■ Requirement
Before copying, set aside the pictures; then restate exactly the lines from the one with "Time - Filter" through the last line of the records.

■ Source material
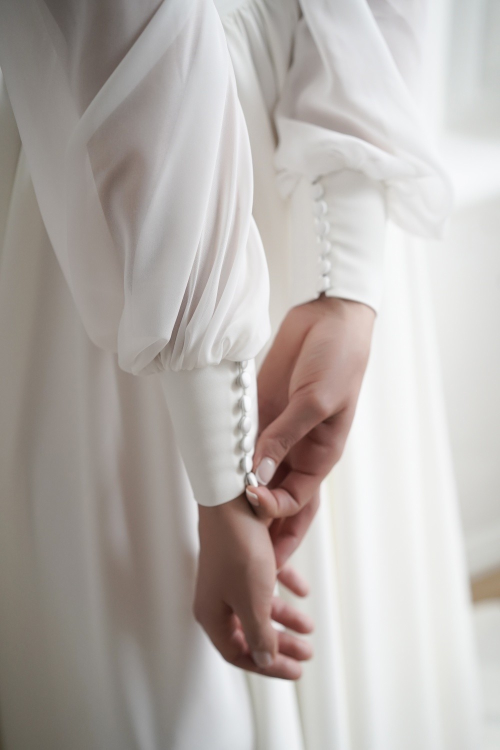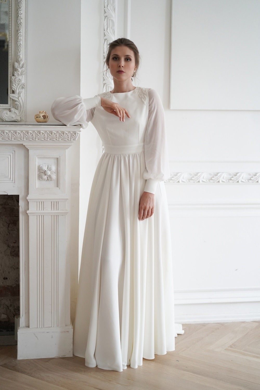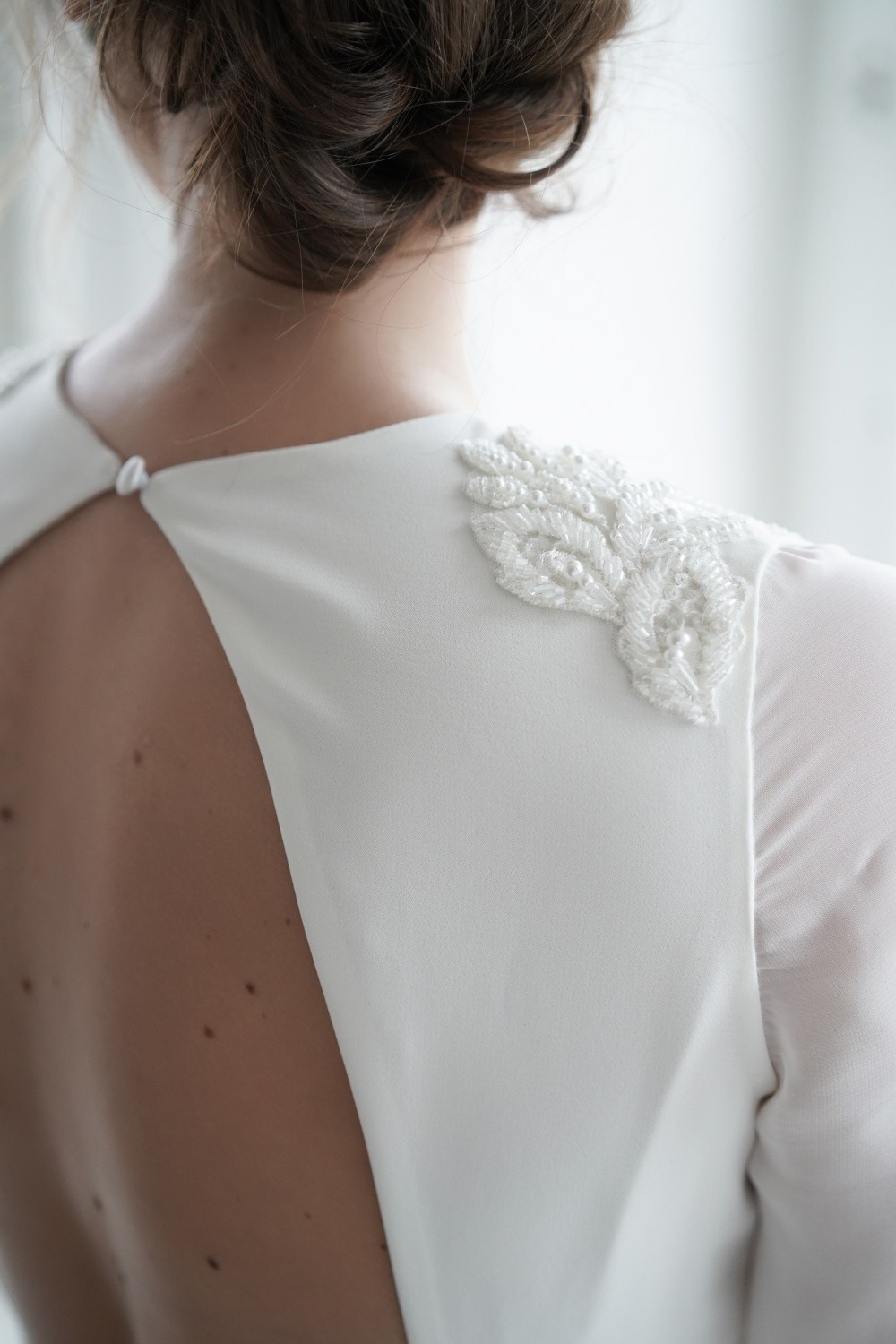 The delicate crepe wedding dress with a train, an unusual back and chiffon sleeves. The cape is not included in the price of the dress.
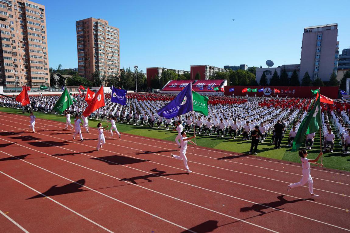 宽阔的体育场装扮一新,洋溢着浓浓的喜庆气氛。体育场中间,新生同学身穿红白两色校园文化衫,组成“中传♥你”的巨幅醒目图案,传达出学校对新生的热烈欢迎与深切关怀;主席台正上方悬挂着“中国传媒大学2020级新生开学典礼”长条横幅,左右两边矗立着两块巨型屏幕,用以播放学校为新生同学精心制作的节目和典礼直播盛况;体育场东侧看台上装饰的“立德、敬业、博学、竞先”八字校训,告诫新生同学要时刻牢记校训,努力成为一个合格的传媒大学学生。
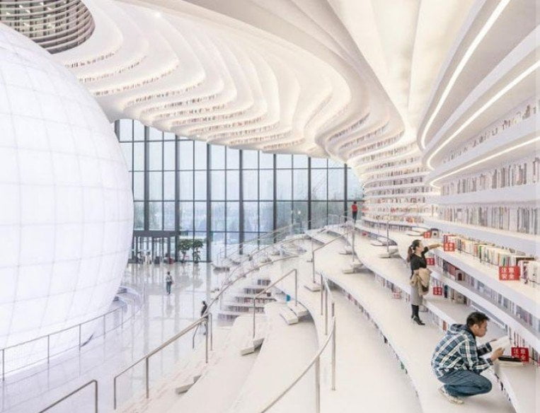 وقد كشف مؤخراً عن مكتبة Tianjin Binhai العامة الواقعة فى شمال شرقي الصين، باهتمام واسع النطاق بعد عملية استمرت ثلاث سنوات؛ للمساعدة على بناء مجمع ثقافي في مدينة تيانجين.
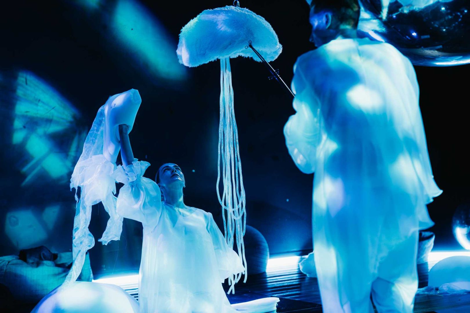 Patirtinis sensorinis spektaklis 6–18 mėnesių vaikams ir jų tėvams, kviečiantis atrasti paslaptingą ir gyvybės kupiną vandens pasaulį.
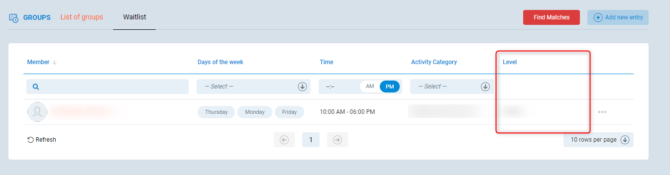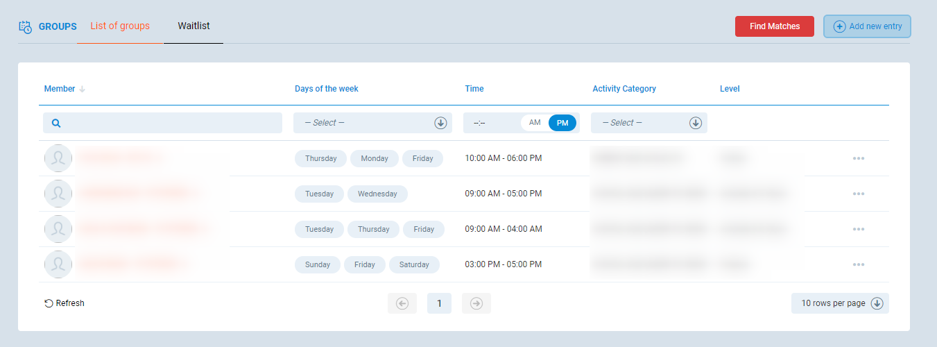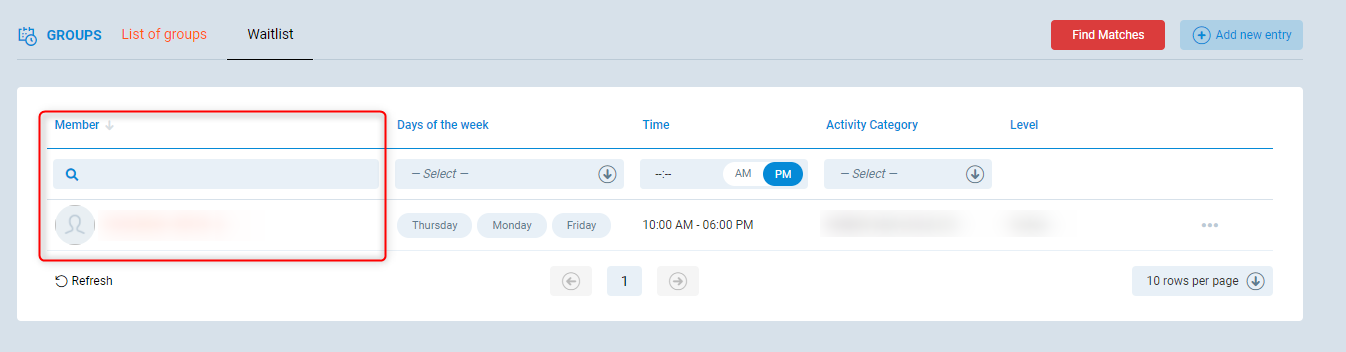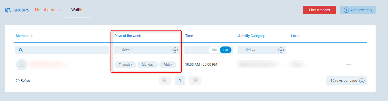 Time - Filter the wait list to only show members who have requested a selected time. This will include members who have requested a range in time, or a matching time if exact time is used.
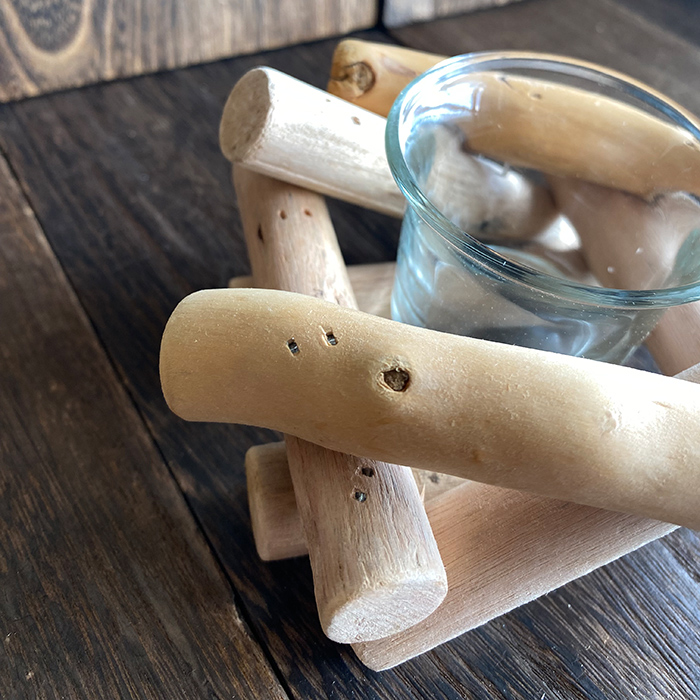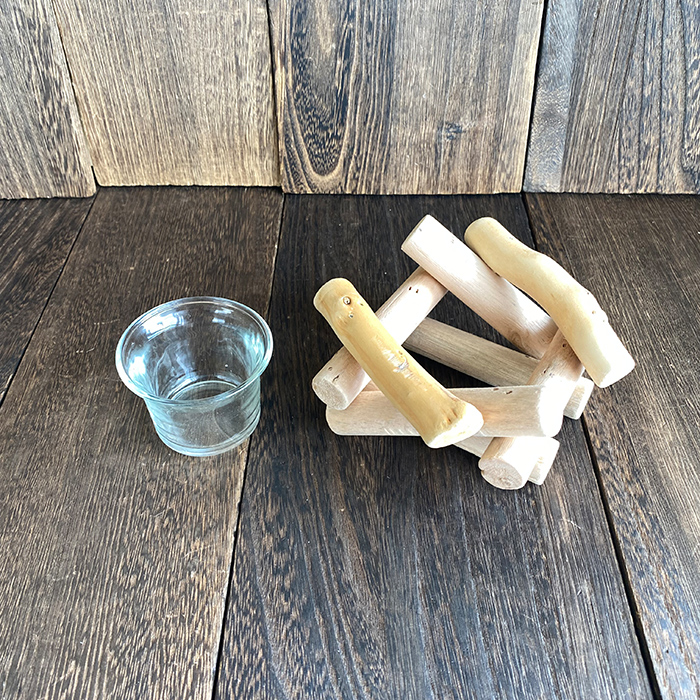 天然木をランダムに重ねたキャンドルホルダー
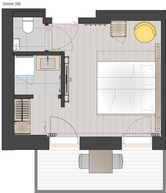 Dvoulůžkový pokoj má útulnou postel typu boxspring, koupelnu s extra WC a pracovní a lounge křeslo. Absolutním vrcholem je soukromá terasa s pohodlným lounge nábytkem.
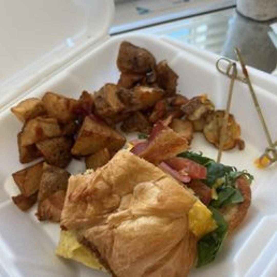 Flaky croissant filled with scrambled eggs, your choice of bacon, sausage, or ham, and melted cheese. Served with a side of breakfast potatoes.

■ Answer to the exercise
 Time - Filter the wait list to only show members who have requested a selected time. This will include members who have requested a range in time, or a matching time if exact time is used.
 天然木をランダムに重ねたキャンドルホルダー
 Dvoulůžkový pokoj má útulnou postel typu boxspring, koupelnu s extra WC a pracovní a lounge křeslo. Absolutním vrcholem je soukromá terasa s pohodlným lounge nábytkem.
 Flaky croissant filled with scrambled eggs, your choice of bacon, sausage, or ham, and melted cheese. Served with a side of breakfast potatoes.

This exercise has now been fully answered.